▶ WHAT IS EXPECTED:
Extract, in full, the lines below, beginning at the first and ending with the line that contains "Inauguração da Campanha". Pictures do not belong in the copy.

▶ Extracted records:

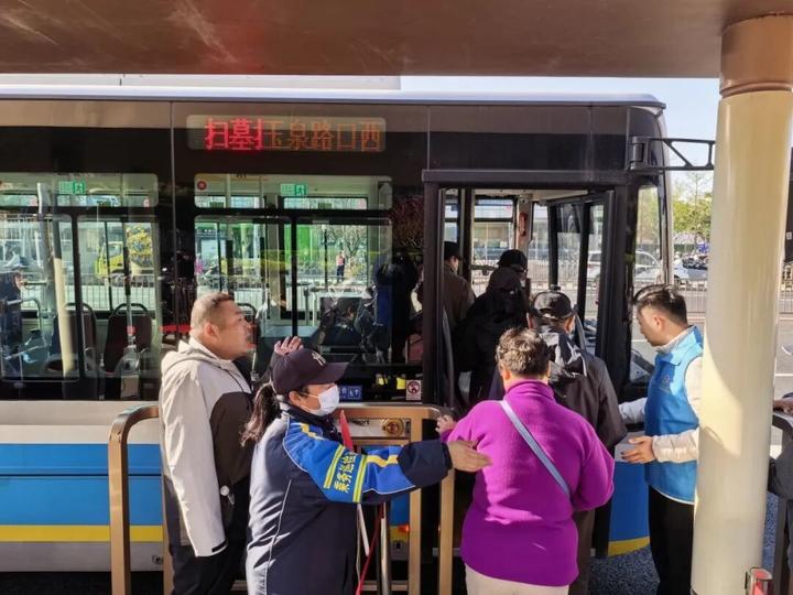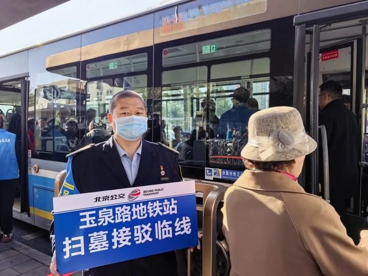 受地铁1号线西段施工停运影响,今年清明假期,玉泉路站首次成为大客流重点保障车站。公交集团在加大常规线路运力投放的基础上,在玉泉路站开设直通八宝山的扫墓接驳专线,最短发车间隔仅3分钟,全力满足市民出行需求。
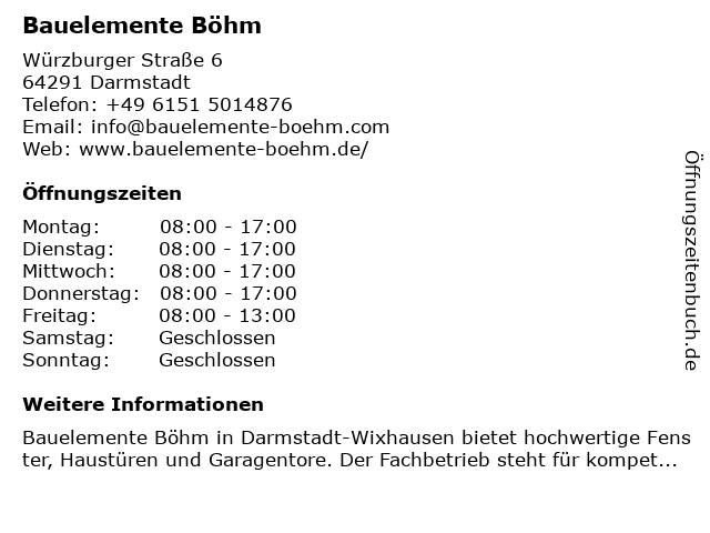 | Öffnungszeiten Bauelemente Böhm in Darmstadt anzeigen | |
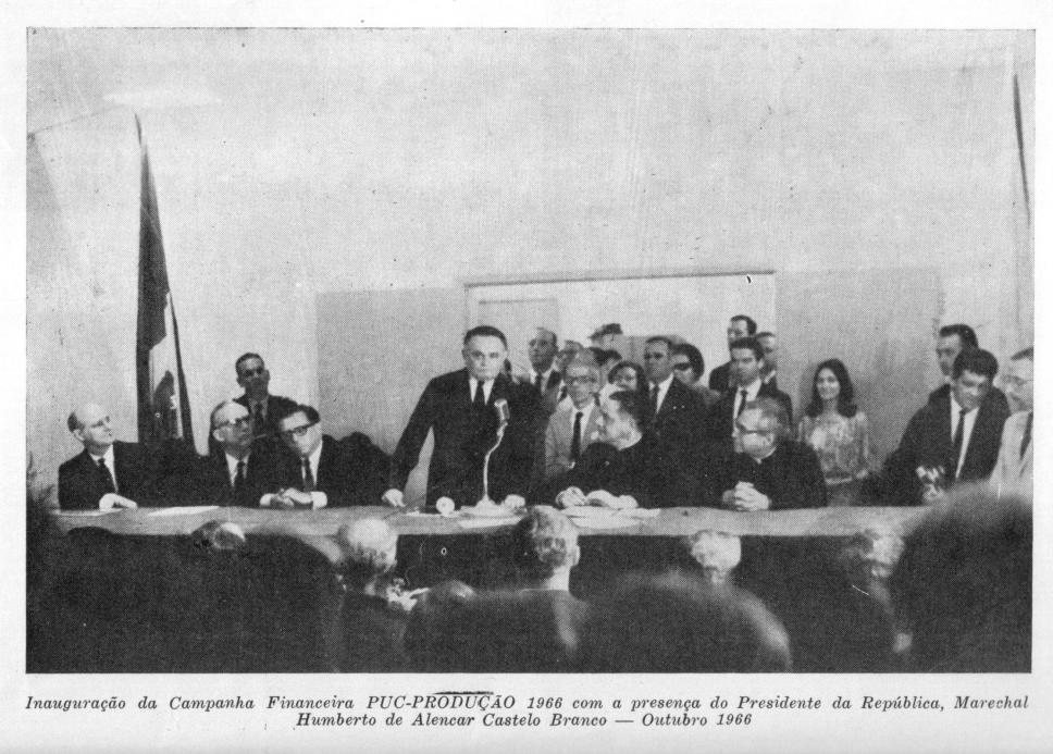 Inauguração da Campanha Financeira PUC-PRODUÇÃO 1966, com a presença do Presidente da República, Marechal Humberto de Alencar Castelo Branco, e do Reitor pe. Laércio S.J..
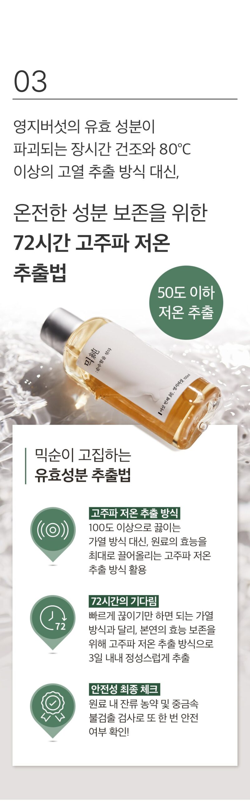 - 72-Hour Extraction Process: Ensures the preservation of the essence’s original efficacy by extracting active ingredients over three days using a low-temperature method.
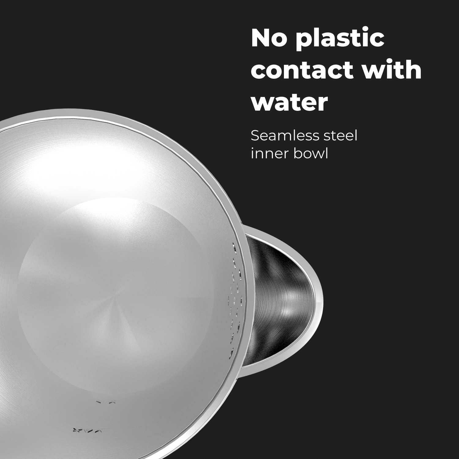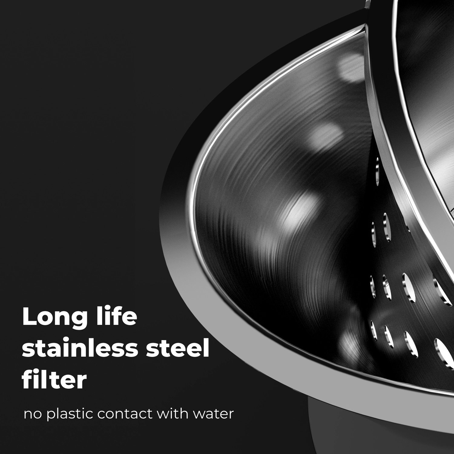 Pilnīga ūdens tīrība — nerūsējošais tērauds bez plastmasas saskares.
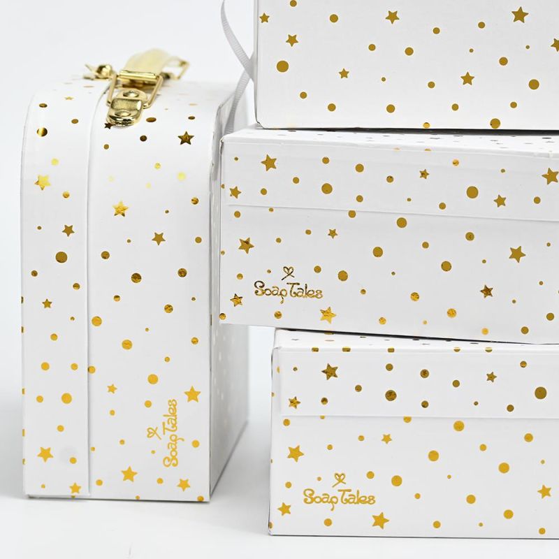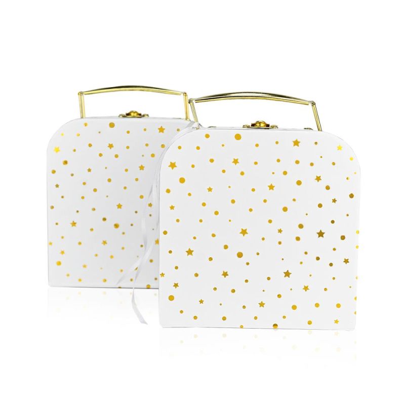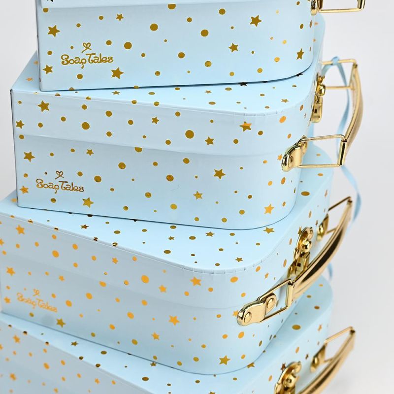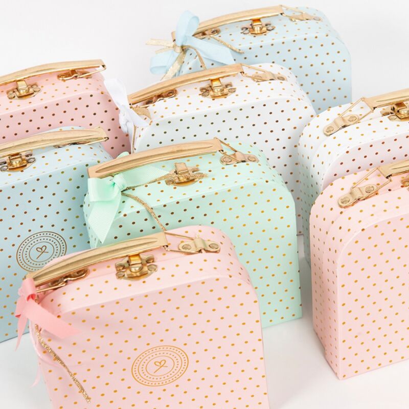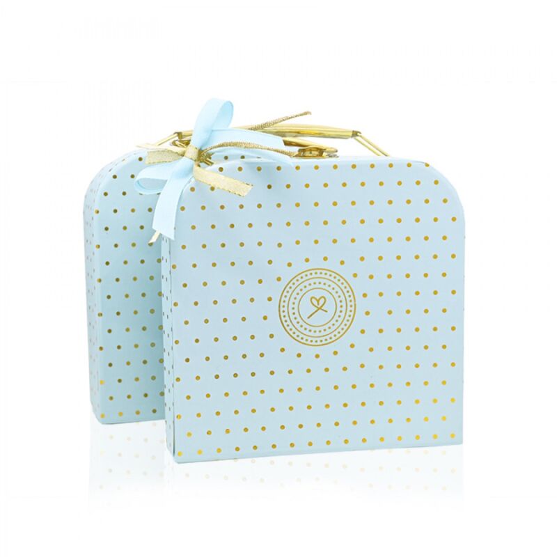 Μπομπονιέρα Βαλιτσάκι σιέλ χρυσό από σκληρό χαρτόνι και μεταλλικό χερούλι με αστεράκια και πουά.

▶ TASK ANSWER:
 受地铁1号线西段施工停运影响,今年清明假期,玉泉路站首次成为大客流重点保障车站。公交集团在加大常规线路运力投放的基础上,在玉泉路站开设直通八宝山的扫墓接驳专线,最短发车间隔仅3分钟,全力满足市民出行需求。
 | Öffnungszeiten Bauelemente Böhm in Darmstadt anzeigen | |
 Inauguração da Campanha Financeira PUC-PRODUÇÃO 1966, com a presença do Presidente da República, Marechal Humberto de Alencar Castelo Branco, e do Reitor pe. Laércio S.J..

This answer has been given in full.